Perché la demografia non deve farci paura
Gennaio/Febbraio 2016 / Monografica
Lo sviluppo tecnologico permette di far crescere il cibo disponibile più rapidamente delle bocche da sfamare. L’alfabetizzazione di massa e la crescita economica portano a una generale normalizzazione delle dinamiche demografiche. Smentendo le previsioni catastrofiste, si sta lentamente procedendo verso una convergenza degli indici di natalità, con importanti e positivi effetti culturali e politici.
Il tramonto del reverendo Malthus
Gli allarmi sulla fine del cibo, la fine dell’acqua, la fine dell’energia ripropongono l’assioma di Malthus: poiché le risorse crescono meno rapidamente della popolazione, è inevitabile che prima o poi arrivino i tre cavalieri dell’Apocalisse: a peste, fame et bello, libera nos Domine. La realtà, fortunatamente, non è così nera. Malthus è uno dei padri dell’economia e della demografia moderna. Tuttavia, egli non poteva immaginare che proprio i mutamenti sociali che lo spinsero a scrivere il suo libro, all’inizio dell’800, sarebbero presto sfociati in due meccanismi socio-economici del tutto nuovi, che avrebbero reso il suo modello poco utile per il mondo di oggi.
Il primo meccanismo è il vorticoso affermarsi di sempre nuove tecnologie, che permettono al pane di crescere più rapidamente delle bocche da sfamare. Secondo i dati della FAO e delle Nazioni Unite, nel cinquantennio 1961-2011 il cibo prodotto nel mondo è più che triplicato, mentre la popolazione è “solo” raddoppiata. Oggi nel mondo ci sarebbe cibo per tutti, il problema sta nel fatto che una minoranza fortunata può mangiare quanto vuole, mentre la maggioranza dell’umanità deve accontentarsi di minuscole porzioni.
Il secondo meccanismo non previsto da Malthus è che lo sviluppo sostenuto e continuativo spinge verso il basso la natalità. In Europa, ciò iniziò a accadere fra Ottocento e prima metà del Novecento, e oggi è in atto quasi ovunque nel mondo. Fanno eccezione pochi paesi poverissimi, popolati in larga misura da analfabeti (come l’Afghanistan e parte dell’Africa sub-sahariana).

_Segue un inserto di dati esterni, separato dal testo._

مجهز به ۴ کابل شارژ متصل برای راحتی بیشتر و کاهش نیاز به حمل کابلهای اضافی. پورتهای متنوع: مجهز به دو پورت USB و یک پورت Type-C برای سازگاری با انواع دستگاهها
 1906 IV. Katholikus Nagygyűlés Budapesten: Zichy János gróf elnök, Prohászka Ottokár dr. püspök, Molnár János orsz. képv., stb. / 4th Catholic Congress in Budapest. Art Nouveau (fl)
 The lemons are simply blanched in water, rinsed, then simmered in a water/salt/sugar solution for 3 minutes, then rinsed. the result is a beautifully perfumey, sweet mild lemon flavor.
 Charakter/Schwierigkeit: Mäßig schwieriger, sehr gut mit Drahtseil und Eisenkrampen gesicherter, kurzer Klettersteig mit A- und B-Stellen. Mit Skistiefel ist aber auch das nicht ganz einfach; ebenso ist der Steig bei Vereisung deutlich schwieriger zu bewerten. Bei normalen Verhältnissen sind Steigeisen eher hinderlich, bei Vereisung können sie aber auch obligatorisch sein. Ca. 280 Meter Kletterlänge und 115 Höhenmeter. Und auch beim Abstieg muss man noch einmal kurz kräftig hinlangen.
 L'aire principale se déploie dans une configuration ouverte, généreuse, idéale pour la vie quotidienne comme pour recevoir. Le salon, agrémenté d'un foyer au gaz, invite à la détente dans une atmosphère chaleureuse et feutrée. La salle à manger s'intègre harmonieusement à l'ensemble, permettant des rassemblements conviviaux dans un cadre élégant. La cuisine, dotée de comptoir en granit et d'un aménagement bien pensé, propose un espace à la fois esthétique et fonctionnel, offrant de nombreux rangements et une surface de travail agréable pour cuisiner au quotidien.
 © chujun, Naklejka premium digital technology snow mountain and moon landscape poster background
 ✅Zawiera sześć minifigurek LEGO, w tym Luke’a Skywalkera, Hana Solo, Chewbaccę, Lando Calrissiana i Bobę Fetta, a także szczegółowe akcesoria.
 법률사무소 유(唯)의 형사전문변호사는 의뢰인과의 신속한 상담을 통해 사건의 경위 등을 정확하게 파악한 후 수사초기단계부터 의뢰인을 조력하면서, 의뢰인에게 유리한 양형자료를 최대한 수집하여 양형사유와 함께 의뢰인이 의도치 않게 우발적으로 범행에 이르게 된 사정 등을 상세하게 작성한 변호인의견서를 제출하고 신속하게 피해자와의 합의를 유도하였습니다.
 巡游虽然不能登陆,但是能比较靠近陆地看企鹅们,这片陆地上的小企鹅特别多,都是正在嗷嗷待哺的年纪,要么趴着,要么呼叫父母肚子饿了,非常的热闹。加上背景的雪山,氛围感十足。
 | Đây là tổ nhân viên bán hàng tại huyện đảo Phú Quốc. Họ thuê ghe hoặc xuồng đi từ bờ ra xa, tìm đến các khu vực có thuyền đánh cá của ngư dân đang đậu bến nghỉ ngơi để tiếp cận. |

Crescita della popolazione e sviluppo
Quindi, non c’è di che preoccuparsi? Le cose non sono così semplici. Il problema è che nei vari paesi questi due meccanismi post-maltusiani si sono manifestati con modalità e tempi molto diversi. Nei paesi poveri la popolazione si sta modificando con modalità simili a quelle dei paesi oggi ricchi, ma cinquanta o cento anni dopo, e molto più velocemente. C’è una generale convergenza verso un mondo dove ovunque si vive più a lungo e nascono meno bambini. Ma il cambiamento nei paesi oggi poveri è stato molto più “violento”. Nessun paese europeo ha visto la sua popolazione aumentare di sette volte in sessant’anni, come è accaduto in molti paesi africani nella seconda metà del Novecento. In gran parte del mondo oggi povero, infatti, la natalità e la mortalità infantile partivano da livelli molto elevati, e quindi il rapido declino della mortalità – non accompagnato da un parallelo declino della natalità – ha generato una straordinaria accelerazione della crescita e un fortissimo ringiovanimento della popolazione.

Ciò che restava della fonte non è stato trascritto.